Scope for Imagination

Isn't it splendid to think of all the things there are to find out about? It just makes me feel glad to be alive--it's such an interesting world. It wouldn't be half so interesting if we knew all about everything, would it? There'd be no scope for imagination then, would there?

-Anne of Green Gables, L.M. Montgomery




Friday, July 17, 2009

My Big Fat Pile of Library Books--Dandelion Wine


There it was on the Middle School reading list.
The best summer novel ever of all time.
I hadn't read it since I was a teenager.
I remembered the part about the new tennis shoes
that felt like marshmallows and made you run faster than all get out...faster than antelopes and gazelles.
and able to leap high and wide, with your feet in total springy comfort.
But by the end of summer, they would just be a regular old pair of shoes.
My own father one time made some dandelion wine in the basement.
I do recall gathering flowers for the project. (my dad was big on projects...weaving and knitting and homemade lamps...radio control aircraft...needlepoint, ham radio...all undertaken with the precision and discipline of an engineer and the soul of an artist)
Anyway.

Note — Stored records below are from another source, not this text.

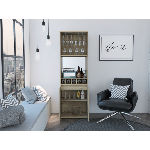 Product Name: Redding Bar Cabinet, One Cabinet, Interior Shelves, Five Bottle Cubbies, Two Shelves
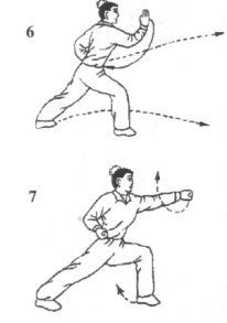 (3)右手抓握变拳,小臂外旋拧拉成仰拳收抱于右腰侧,拳面向前。同时,身体前移,左脚弧形向左前上步,膝略屈;左拳随身体重心前移之势向前冲出,将至击点时,小臂迅速内旋成俯拳抖腕猛力前击,拳面向前,高与肩平;拳至击点的瞬间,左脚即踏实,左腿蹲平,右腿蹬直,两脚前后蹬撑成左登山步。目视左拳(图7)。
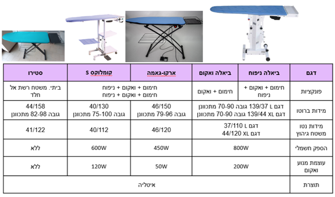 לשולחנות האקטיביים פונקציונליות רבה, שמקלה על הגיהוץ. לשולחנות אלה 3 יתרונות עיקריים:
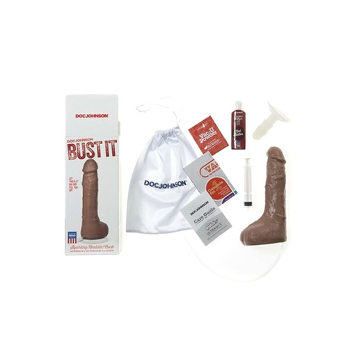 Gjør deg klar for en realistisk opplevelse som tar leken til et nytt nivå med Bust It Sprutedildo! Denne imponerende dildoen på 22 cm har et realistisk utseende og følelsen av en ekte, erigert penis. Deilige, teksturerte detaljer og anatomisk korrekte former pryder denne dildoen - og sammen med sprutefunksjonen tilbyr den en heftig opplevelse.

The wine was too sweet and odd for my taste. The main ingredient was figs, not dandelions in his recipe.
Here's a recipe for dandelion wine which is heavy on the citrus and relies on a full 6 cups of sugar. I guess it takes a hearty amount of some sort of sugar ro make wine.
It might be good, but I don't think I ever want to try dandelion wine again. It could never taste like an August day. Like a day in the life of Douglas Spaulding in the summer of 1928.
(My brother and I one time made beer milkshakes but that was a different novel and a different author and a different story)
I do love this book.
I love it better now than when I was in high school. I am sure I would have entirely missed the point when I was in 6th grade.
I think I'll read it every summer until I die.
It's all about waking up and finding life and death and youth and old age and danger and comfort.